UK: Goodbye To The FSA

Last Updated: 15 October 2012
Article by Laura Cooke

Soon the Financial Services Authority (FSA) will cease to exist as the UK's sole financial services regulator. In its place will be three new regulatory entities: the Financial Policy Committee (FPC), the Prudential Regulation Authority (PRA) and the Financial Conduct Authority (FCA). The so-called "twin peaks" model which is to be adopted, referring to the split between conduct and prudential regulation, will create two new supervisors for regulated firms.

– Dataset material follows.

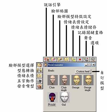Facial Animator 的基本原理是使用模型上的特徵對應點,這些特徵就是臉部的五官位置,如眼角、鼻尖、嘴角、臉頰…等位置,再透過說話引擎,讓你的模型根據特徵即可達到表情或是說話的動畫。完全只需要使用一組臉部的模型,不需製作各式表情;同時可以套用所有的情緒表情、五官動作或是發音嘴型在各種不同的臉部模型上。 Facial Animator 還可以讓你用聲音檔或文字輸入的方式,嘰哩呱啦的說一大段話。呵呵!!以往花個幾天幾夜才可以完成的幾”秒”的動畫,現在用 Facial Animator 一下子可以完成一大段,注意喔,是用 ”分鐘” 計。 Facial Animator 主要特點:

In this article, we provide a high-level summary of the key issues insurers of FSA-regulated firms and individuals need to be aware of in terms of the new structure, new powers and expected approach of the new regulators.

The Legislation

A draft version of the primary legislation bringing the key reforms into effect was first published in June 2011 in the form of the Financial Services Bill (the "Bill"). This will amend, as opposed to replace, the Financial Services and Markets Act 2000 (FSMA). The Bill was formally introduced to Parliament on 27 January 2012 and a number of revised versions have been issued since then. The Bill contains an extensively redrafted Financial Services and Markets Act 2000 (FSMA), as well as amendments to the Banking Act 2009 and Bank of England Act 1998. The Bill is now making its way through the committee stage of the House of Lords and it is currently expected that the new regime will come into force in spring 2013.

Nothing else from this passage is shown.